Наш Красавец Матрос снискал себе общие симпатии мужественным прямодушием и веселой благожелательностью, лишенной даже следа того умственного превосходства, которое способно возбудить завистливые чувства, и доброе расположение почти всех, с кем ему приходилось иметь дело, заслоняло от него безмолвную враждебность, подобную той, о которой только что говорилось.

Да и ютовый, хотя по причинам, перечисленным выше, встречались они очень редко, всякий раз дружески кивал Билли, а то и говорил мимоходом что-нибудь приятное. Такая его манера как будто ясно показывала, что, каковы бы ни были первоначальные намерения этого ловкого малого (или намерения тех, чьим эмиссаром он мог быть), теперь он совершенно от них отказался.
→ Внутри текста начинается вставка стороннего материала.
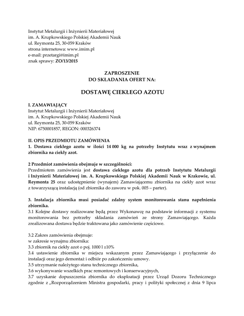 dostawę ciekłego azotu - Instytut Metalurgii i Inżynierii Materiałowej
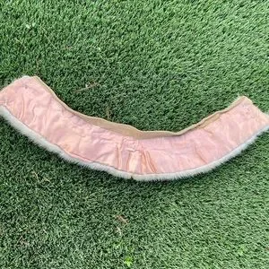 A slightly curved piece measuring 21.5”long on the neckline edge and 4” wide.

Плутоватая самонадеянность (а мелкие негодяи всегда самонадеянны) на сей раз его обманула: простак, которого он рассчитывал с легкостью обвести вокруг пальца, взял над ним верх именно благодаря своей простоте.

Проницательные читатели могут счесть неправдоподобным, что Билли не подошел к ютовому и не потребовал от него объяснения, с какой, собственно, целью он заманил его на руслень, откуда затем убрался с такой поспешностью. Проницательные читатели, кроме того, пожалуй, полагают, что для Билли было бы естественно потолковать кое с кем из насильственно завербованных и проверить, была ли доля истины в темных намеках его ночного собеседника на их недовольство. Пусть проницательные читатели думают, что им хочется. Но чтобы понять характер, подобный характеру Билли Бадда, требуется, пожалуй, нечто большее, а вернее, нечто совсем иное, нежели простая проницательность.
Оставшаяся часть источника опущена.